Aim of the exercise →
Each record below should be output verbatim, without pictures.

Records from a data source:
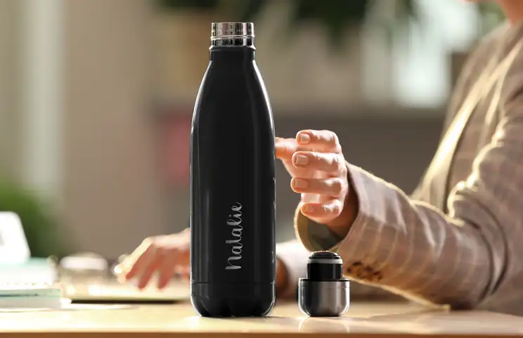 Maak een gepersonaliseerde waterfles met jouw tekst gegraveerd. Geef je herbruikbare waterfles een persoonlijk tintje met lasergravure en een keuze uit kleuren. Voeg je naam, bijnaam of een korte slogan toe om je waterfles te personaliseren.
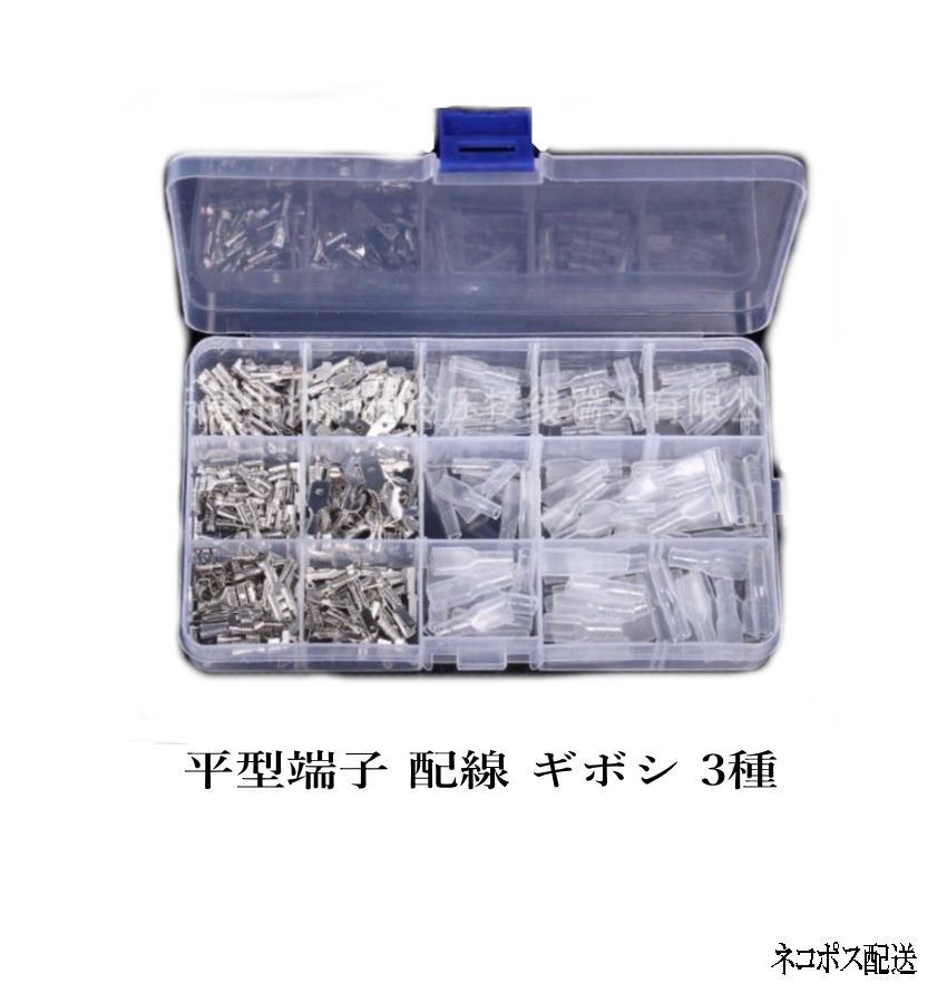 平型端子 配線 ギボシ 3種、オス端子、メス端子、メス絶縁スリーブセット 合計270個セット
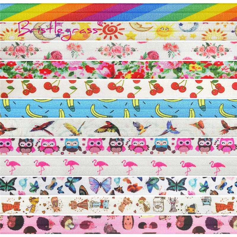 BRISTLEGRASS 100 ярдов в рулоне 5/8 "15 мм Сова Фламинго леопардовая Роза цветочный принт складывается поверх резинок враг повязка из спандекса платье Шитье
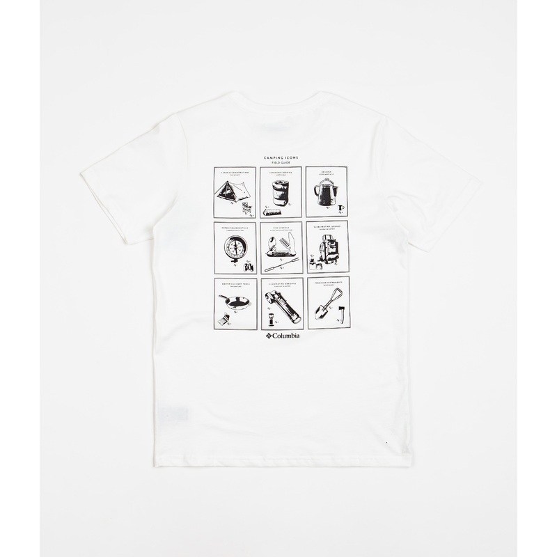 Columbia Rapid Ridge Back Graphic T-Shirt – White / Campsite Icons Graphic
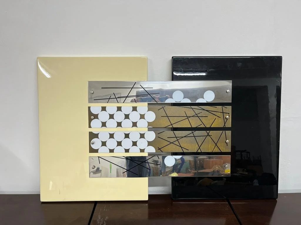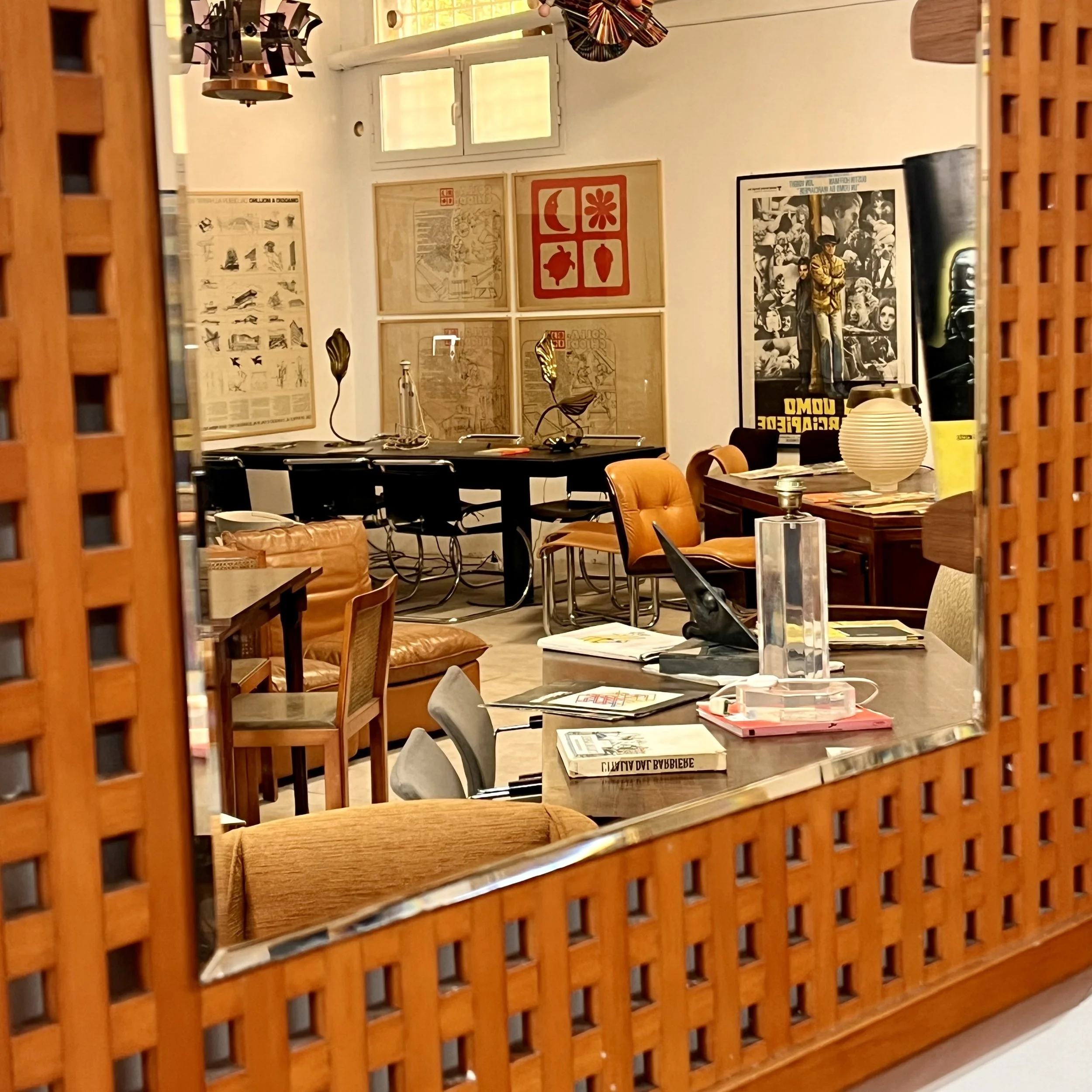 COMPLEMENTI Tavolino da caffè di Fontana Arte Specchio con cornice a scacchiera in noce Tavolino con disegno a scacchiera Specchio di Fontana Arte Secchiello per il ghiaccio di Cleto Munari per Benaglia Milano Specchio da parete. Gio Ponti, Prod. Dassi Bar con ruote di Joe Colombo Specchio di Bianca Garinei per Banci Bar da viaggio Appendiabiti con parti a specchio e cappelliera in vetro Grande specchio da parete Grande pannello scultoreo in metallo di Angelo Casati Scultura murale con matite colorate temperate Ceramiche blu di Aldo Londi per Bitossi Portariviste Fontana Arte Coppia di vasi in ceramica smaltata Portacarte, cestino e macchina da scrivere di Ettore Sottsass per Olivetti Tavolini impilabili di Afra e Tobia Scarpa per Cassina Carrello portavivande '762' di Salvati e Tresoldi per Cassina Orologio 'T1' di Mangiarotti e Morassutti per Secticon Quadro decorativo a specchio di Otello Ciullini per Studio EF Puzzle '16' animali di Enzo Mari Specchio di Lorenzo Burchiellaro Portaombrelli smaltato Valdelsa

Your response →
 Maak een gepersonaliseerde waterfles met jouw tekst gegraveerd. Geef je herbruikbare waterfles een persoonlijk tintje met lasergravure en een keuze uit kleuren. Voeg je naam, bijnaam of een korte slogan toe om je waterfles te personaliseren.
 平型端子 配線 ギボシ 3種、オス端子、メス端子、メス絶縁スリーブセット 合計270個セット
 BRISTLEGRASS 100 ярдов в рулоне 5/8 "15 мм Сова Фламинго леопардовая Роза цветочный принт складывается поверх резинок враг повязка из спандекса платье Шитье
 Columbia Rapid Ridge Back Graphic T-Shirt – White / Campsite Icons Graphic
 COMPLEMENTI Tavolino da caffè di Fontana Arte Specchio con cornice a scacchiera in noce Tavolino con disegno a scacchiera Specchio di Fontana Arte Secchiello per il ghiaccio di Cleto Munari per Benaglia Milano Specchio da parete. Gio Ponti, Prod. Dassi Bar con ruote di Joe Colombo Specchio di Bianca Garinei per Banci Bar da viaggio Appendiabiti con parti a specchio e cappelliera in vetro Grande specchio da parete Grande pannello scultoreo in metallo di Angelo Casati Scultura murale con matite colorate temperate Ceramiche blu di Aldo Londi per Bitossi Portariviste Fontana Arte Coppia di vasi in ceramica smaltata Portacarte, cestino e macchina da scrivere di Ettore Sottsass per Olivetti Tavolini impilabili di Afra e Tobia Scarpa per Cassina Carrello portavivande '762' di Salvati e Tresoldi per Cassina Orologio 'T1' di Mangiarotti e Morassutti per Secticon Quadro decorativo a specchio di Otello Ciullini per Studio EF Puzzle '16' animali di Enzo Mari Specchio di Lorenzo Burchiellaro Portaombrelli smaltato Valdelsa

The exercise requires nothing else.